Getting Malformed URL Characters Running with Code Page 65001

Started by Kenneth Evans, July 16, 2018, 01:41:29 PM

Previous topic - Next topic

Phil Harvey

Quote from: Kenneth Evans on July 19, 2018, 06:05:18 PM
Yes, I saw FAQ 18.  It essentially says to use chcp 65001.  ;)

Yes, and

the ExifTool -charset should be set to the system code page for command-line arguments.

So use -charset SYSTEMCODEPAGE with chcp 65001 to get the correct encoding for command-line parameters.  Did you try this?

The first part of FAQ 18 deals only with getting the ExifTool output correct.  Input is different, unforunately.

- Phil
...where DIR is the name of a directory/folder containing the images.  On Mac/Linux/PowerShell, use single quotes (') instead of double quotes (") around arguments containing a dollar sign ($).

Kenneth Evans

1. I tried -charset SYSTEMCODEPAGE and got:

Invalid Charset SYSTEMCODEPAGE

2. I don't completely understand FAQ 18, but I assume you want me to use chcp 437.  (That is what I get if I start a new console and type chcp.)  I'm not sure from the FAQ what to use for -charset, but I tried -charset cp437 and got:

Warning: Some character(s) could not be encoded in Latin - Coons 2018.exiftool3.jpg
    1 image files updated

And the results are garbage.

3. I tried setting chcp 437 instead of chcp 6501 at the top, and using -charset cp437.  It didn't complain but the results were garbge:

C:\Users\evans\Pictures\EXIF Test>c:\bin\EXIFTool\exiftool.exe -filename -artist -copyright -copyrightnotice -rights -usageterms "Coons 2018.exiftool3.jpg"
File Name                       : Coons 2018.exiftool3.jpg
Artist                          : Kenneth Evans
Copyright                       : Copyright - 2018 Kenneth Evans All Rights Reserved
Copyright Notice                : Copyright -¼ 2018 Kenneth Evans All Rights Reserved
Rights                          : Copyright -¼ 2018 Kenneth Evans All Rights Reserved
Usage Terms                     : All Rights Reserved

I think this is similar to one of my early tries using chcp 1252 at the top and -L for the charset.
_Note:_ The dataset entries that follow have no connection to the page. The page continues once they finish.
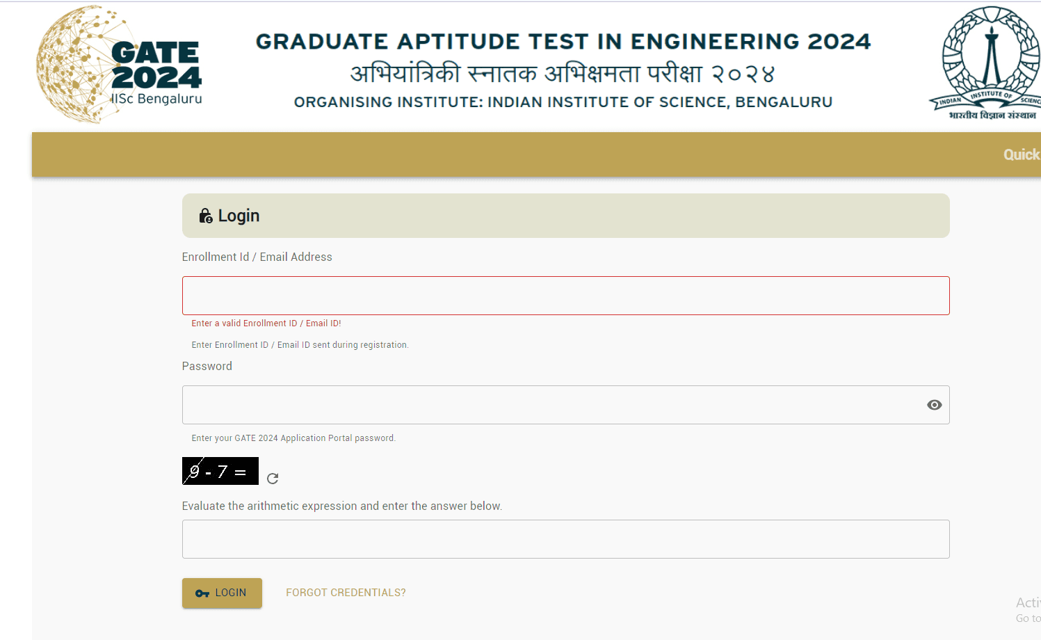 IIT GATE 2024 Online Form(Indian Institute of Science IIT Bengaluru) Exam Name –Graduate Aptitude Test in Engineering | |||||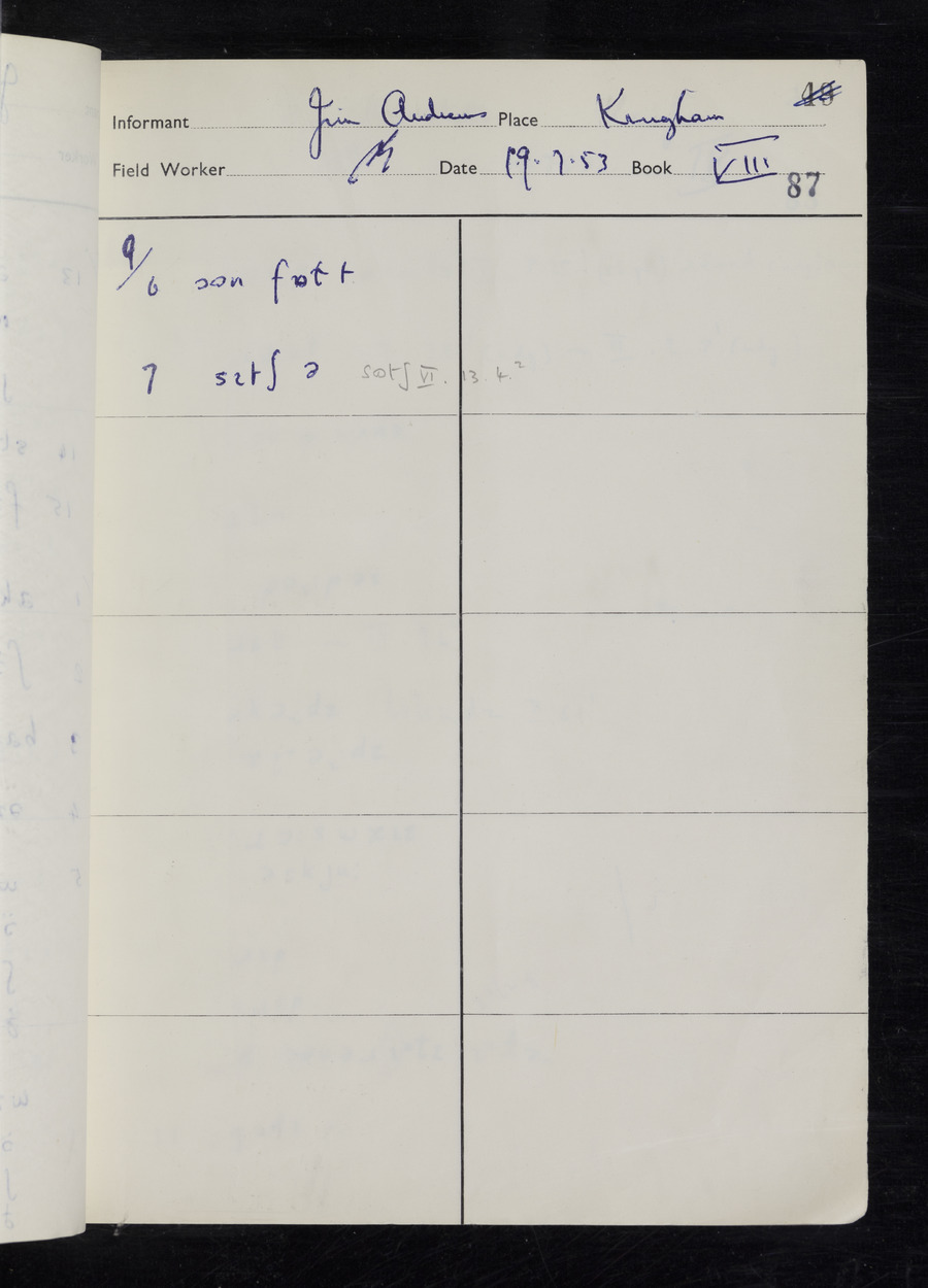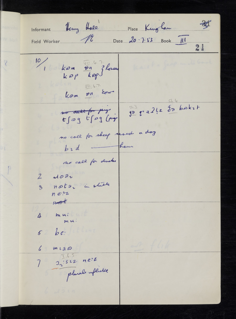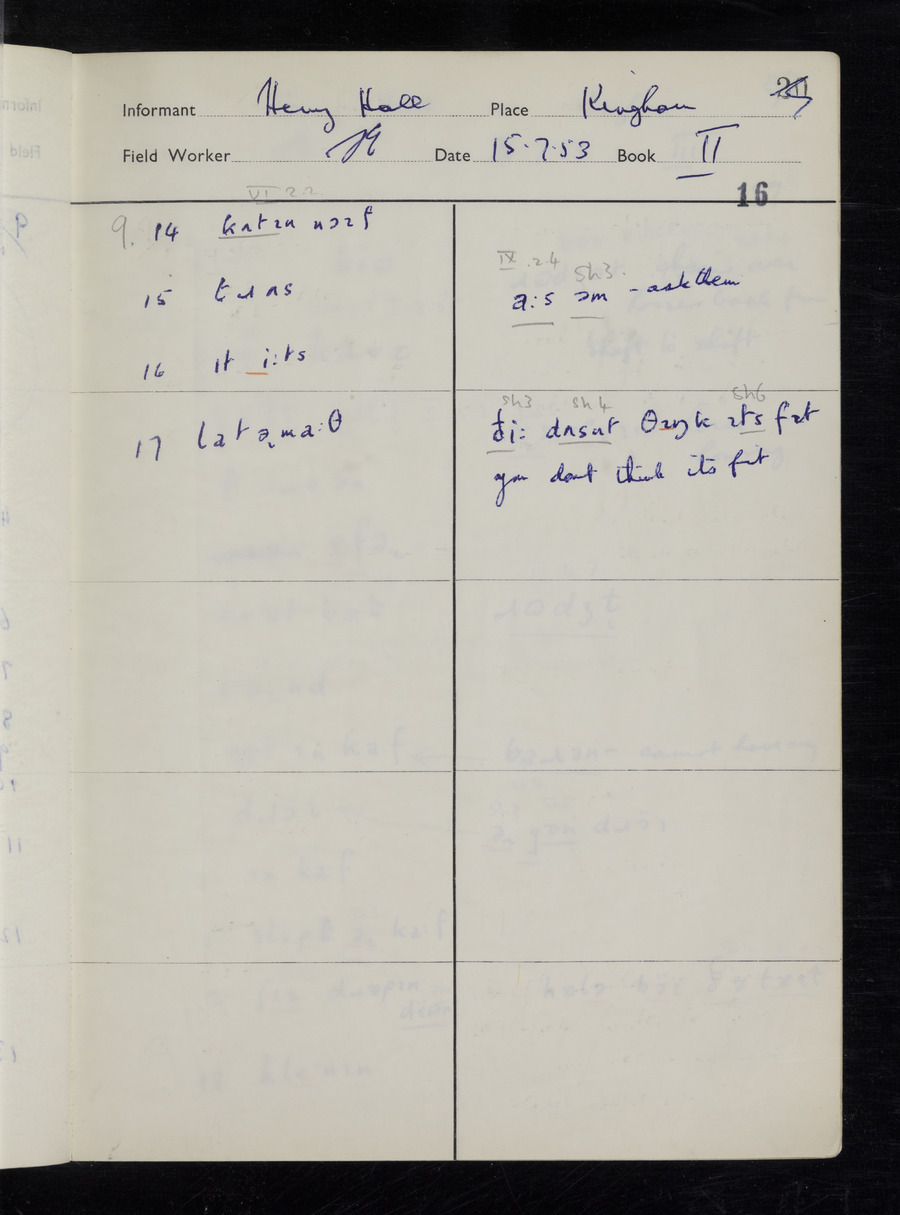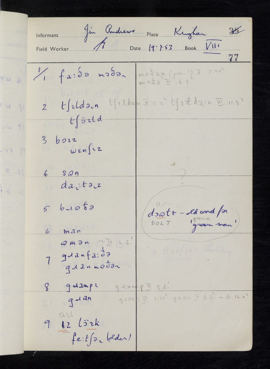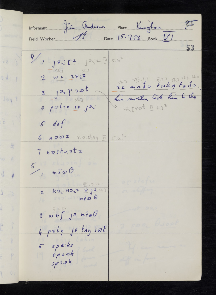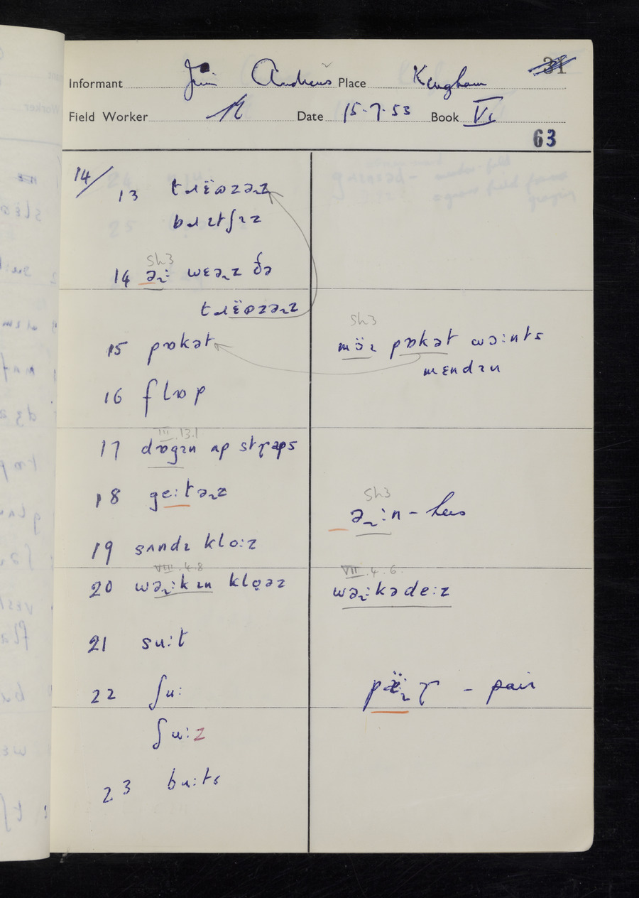 Interviews have been carried out by fieldworker Stanley Ellis. There are three informants for this response book - Henry Hall, Jim Andrews and Jack Marshall. Their responses can be found in the following books: Henry Hall - I, II, III Jim Andrews - IV, V, VI, VII, VIII Jack Marshall - IX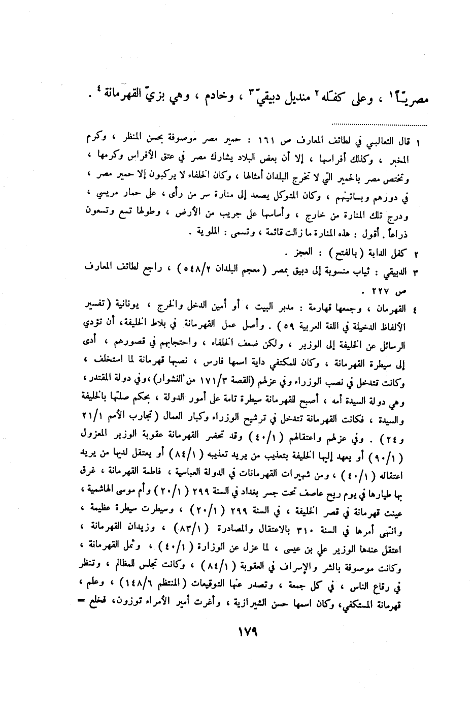 مصريّا «1» ، وعلى كفله «2» منديل دبيقيّ «3» ، وخادم، وهي بزيّ القهرمانة «4» .
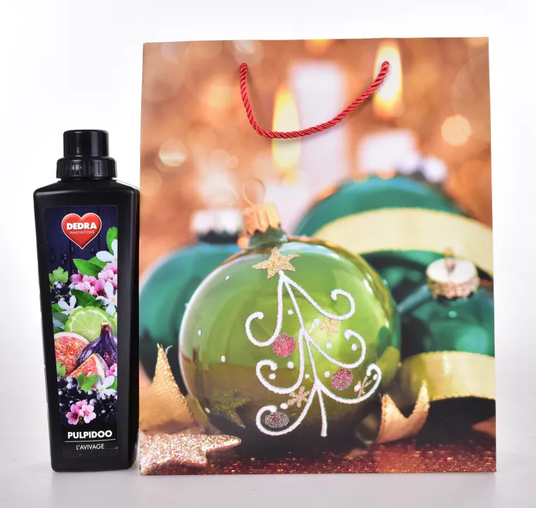 Kényeztesd ajándékaidat egy igazán ünnepi köntösbe. Ez a nagyobb ajándéktáska az arany részletek eleganciáját ötvözi a karácsonyi golyók mély zöld színével, szurom zöld díszítéssel, amely karácsonyfa formájú. A háttérben gyertyák ragyognak, amelyek a otthon melegét és a karácsony varázsát idézik.

In case what I did is not clear, this is my BAT file at try 3.  (The BAT file is UTF-8).  Originally it had chcp 65001 at the top instead of chcp 437 and did not have any -charset.  With either chcp 437 or chcp 1252, the console output will not show © correctly.

chcp 437
set EXIFTOOL=c:\bin\EXIFTool\exiftool.exe
set SRC="Coons 2018.orig.jpg"
set DEST="Coons 2018.exiftool3.jpg"
set COPYRIGHT=Copyright © 2018 Kenneth Evans All Rights Reserved
copy %SRC% %DEST%
%EXIFTOOL% -charset cp437 -artist="Kenneth Evans" -copyright="%COPYRIGHT%" -copyrightnotice="%COPYRIGHT%" -rights="%COPYRIGHT%" -usageterms="All Rights Reserved" -Marked="true" %DEST%
chcp 65001
%EXIFTOOL% -filename -artist -copyright -copyrightnotice -rights -usageterms %DEST%


This is what works to give the correct shell output (except for the one line in chcp 1252) and the correct results:

chcp 65001
set EXIFTOOL=c:\bin\EXIFTool\exiftool.exe
set SRC="Coons 2018.orig.jpg"
set DEST="Coons 2018.exiftool3.jpg"

chcp 1252
set COPYRIGHT=Copyright © 2018 Kenneth Evans All Rights Reserved
chcp 65001

copy %SRC% %DEST%
%EXIFTOOL% -artist="Kenneth Evans" -copyright="%COPYRIGHT%" -copyrightnotice="%COPYRIGHT%" -rights="%COPYRIGHT%" -usageterms="All Rights Reserved" -Marked="true" %DEST%
chcp 65001
%EXIFTOOL% -filename -artist -copyright -copyrightnotice -rights -usageterms %DEST%


That is the best I can do (so far  ;) )  And, no, it doesn't make sense to me.  I should be able to do everything in chcp 65001, using a UTF-8 BAT file (which requires the two-byte ©).

The hex dumps indicate I am sending the right thing.  But Exiftool is not getting the right thing, and it is unclear what would strip the missing byte from what is in the shell.  You would expect an extra  perhaps, but not removing a byte.

Phil Harvey

Quote from: Kenneth Evans on July 19, 2018, 11:05:42 PM
1. I tried -charset SYSTEMCODEPAGE and got:

Invalid Charset SYSTEMCODEPAGE

I meant for you to insert whatever system code page you are using in place of "SYSTEMCODEPAGE".  (ie. "cp1252")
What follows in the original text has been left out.